*** Input data ***
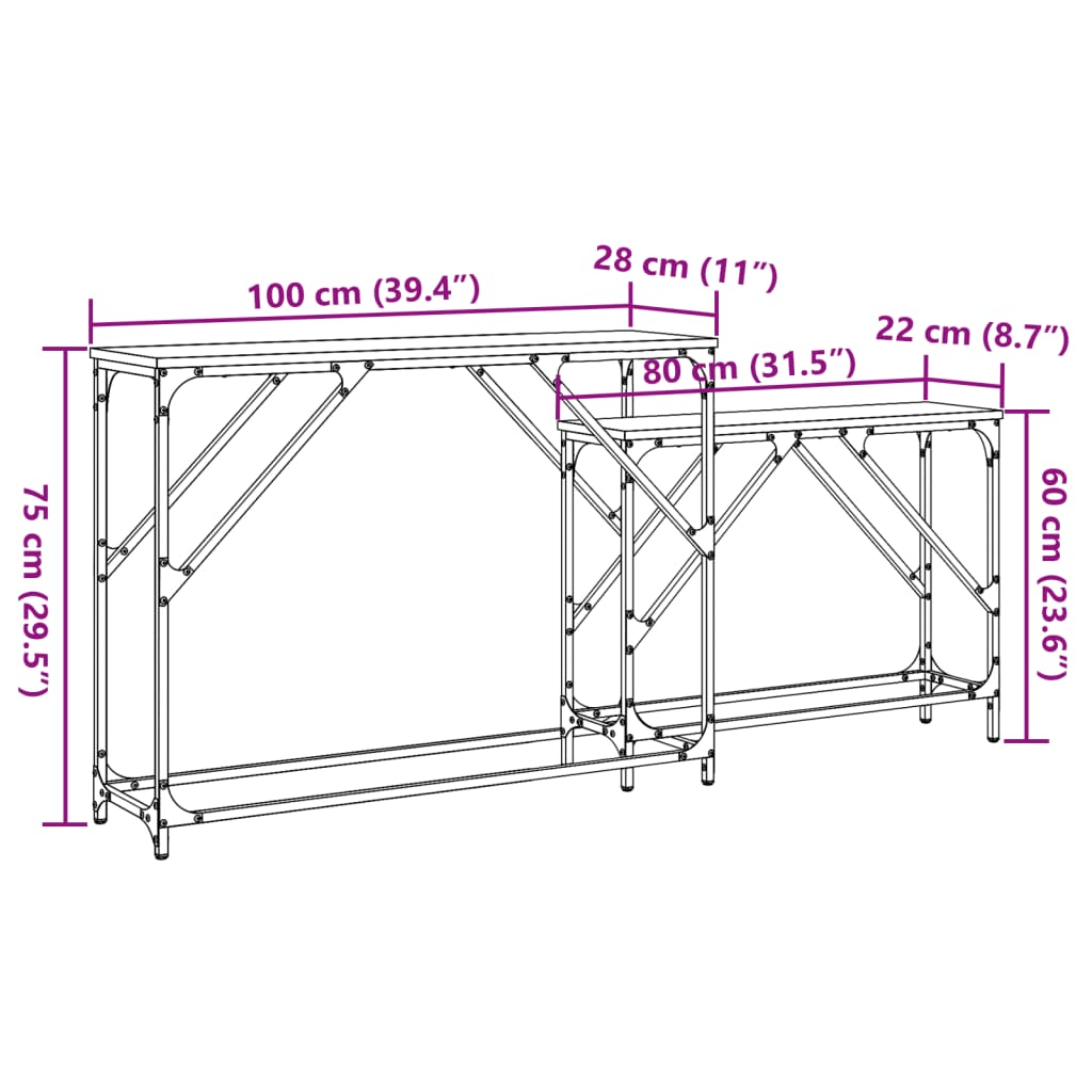 Añade un toque de elegancia a la entrada, el salón o el pasillo con estas elegantes mesas consola apilables. Material duradero: La madera contrachapada tiene una calidad excepcional, con una superficie lisa y también cuenta con fuerza, estabilidad y resistencia a la humedad. Hechas de madera contrachapada, las mesas apilables son fáciles de limpiar.Diseño apilable: Las mesitas apilables nido tienen diferentes tamaños para distintos propósitos. Si necesitas más espacio, las mesas más pequeñas caben dentro de la mesa consola más grande. Asimismo, puedes separarlas para ampliar la superficie.Superficie resistente: La resistente superficie de las mesas apilables es ideal para dejar las bebidas o cualquier otra cosa que necesites tener al alcance de la mano.Función versátil: Las mesas nido de recibidor son muy versátiles. Cualquiera de ellas se puede usar como mesa de centro o mesa de entrada en el salón y el despacho.Estructura metálica: La estructura metálica añade un estilo industrial a la casa, además de garantizar su durabilidad y estabilidad. Advertencia:Para evitar que vuelque, este producto debe usarse con el dispositivo de fijación a la pared incluido.
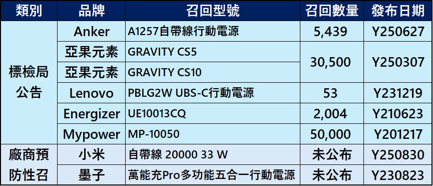 因應近期行動電源在大眾運輸工具發生無故起火燃燒事件,經濟部標檢局公布最新需召回的行動電源型號清單,包括展碁Anker A1257自帶線行動電源(5439顆)、亞果元素GRAVITY CS5/CS10( 3萬500顆)、聯想Lenovo PBLG2W( 53顆)、Energizer UE10013CQ( 2004顆)、Mypower MP-10050( 5萬顆),共計8萬7996顆。除此也有廠商自主預防性召回部分期間的指定行動電源包含小米自帶線行動電源20000 33W(型號PB2030MI)及墨子萬能充Pro多功能五合一行動電源。這些召回方案,除今年發布案例,都因時間久遠已經結案。
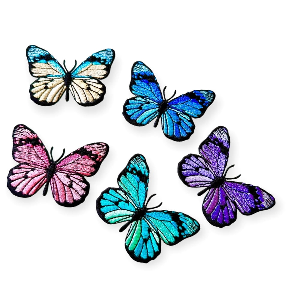 Haftowane naszywki TERMO, zestaw naprasowanek na ubranie - Kolorowe motylki 5 sztuk
*** End of Input data ***
▶ _Task description_
For the material above, give every line again exactly and leave out the pictures.

▶ _Completed task_
 Añade un toque de elegancia a la entrada, el salón o el pasillo con estas elegantes mesas consola apilables. Material duradero: La madera contrachapada tiene una calidad excepcional, con una superficie lisa y también cuenta con fuerza, estabilidad y resistencia a la humedad. Hechas de madera contrachapada, las mesas apilables son fáciles de limpiar.Diseño apilable: Las mesitas apilables nido tienen diferentes tamaños para distintos propósitos. Si necesitas más espacio, las mesas más pequeñas caben dentro de la mesa consola más grande. Asimismo, puedes separarlas para ampliar la superficie.Superficie resistente: La resistente superficie de las mesas apilables es ideal para dejar las bebidas o cualquier otra cosa que necesites tener al alcance de la mano.Función versátil: Las mesas nido de recibidor son muy versátiles. Cualquiera de ellas se puede usar como mesa de centro o mesa de entrada en el salón y el despacho.Estructura metálica: La estructura metálica añade un estilo industrial a la casa, además de garantizar su durabilidad y estabilidad. Advertencia:Para evitar que vuelque, este producto debe usarse con el dispositivo de fijación a la pared incluido.
 因應近期行動電源在大眾運輸工具發生無故起火燃燒事件,經濟部標檢局公布最新需召回的行動電源型號清單,包括展碁Anker A1257自帶線行動電源(5439顆)、亞果元素GRAVITY CS5/CS10( 3萬500顆)、聯想Lenovo PBLG2W( 53顆)、Energizer UE10013CQ( 2004顆)、Mypower MP-10050( 5萬顆),共計8萬7996顆。除此也有廠商自主預防性召回部分期間的指定行動電源包含小米自帶線行動電源20000 33W(型號PB2030MI)及墨子萬能充Pro多功能五合一行動電源。這些召回方案,除今年發布案例,都因時間久遠已經結案。
 Haftowane naszywki TERMO, zestaw naprasowanek na ubranie - Kolorowe motylki 5 sztuk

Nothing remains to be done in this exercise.